What is being asked » Please repeat only these lines, exactly: the one containing "These sweatpants combine" and all that come after it in the material.

== Source material ==

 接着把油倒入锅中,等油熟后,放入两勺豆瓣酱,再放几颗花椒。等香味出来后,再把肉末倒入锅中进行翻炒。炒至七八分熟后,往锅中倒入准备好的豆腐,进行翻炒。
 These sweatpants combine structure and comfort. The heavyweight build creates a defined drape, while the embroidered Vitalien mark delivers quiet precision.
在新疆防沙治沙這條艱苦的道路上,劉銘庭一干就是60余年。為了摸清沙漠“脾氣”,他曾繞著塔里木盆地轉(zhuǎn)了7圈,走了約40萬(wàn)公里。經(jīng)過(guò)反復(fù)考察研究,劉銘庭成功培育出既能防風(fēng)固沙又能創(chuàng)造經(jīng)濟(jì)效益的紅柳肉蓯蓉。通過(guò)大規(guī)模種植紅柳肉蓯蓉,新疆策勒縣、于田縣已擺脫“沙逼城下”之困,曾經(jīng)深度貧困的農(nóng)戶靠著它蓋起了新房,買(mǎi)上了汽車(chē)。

===

Solution »
 These sweatpants combine structure and comfort. The heavyweight build creates a defined drape, while the embroidered Vitalien mark delivers quiet precision.
在新疆防沙治沙這條艱苦的道路上,劉銘庭一干就是60余年。為了摸清沙漠“脾氣”,他曾繞著塔里木盆地轉(zhuǎn)了7圈,走了約40萬(wàn)公里。經(jīng)過(guò)反復(fù)考察研究,劉銘庭成功培育出既能防風(fēng)固沙又能創(chuàng)造經(jīng)濟(jì)效益的紅柳肉蓯蓉。通過(guò)大規(guī)模種植紅柳肉蓯蓉,新疆策勒縣、于田縣已擺脫“沙逼城下”之困,曾經(jīng)深度貧困的農(nóng)戶靠著它蓋起了新房,買(mǎi)上了汽車(chē)。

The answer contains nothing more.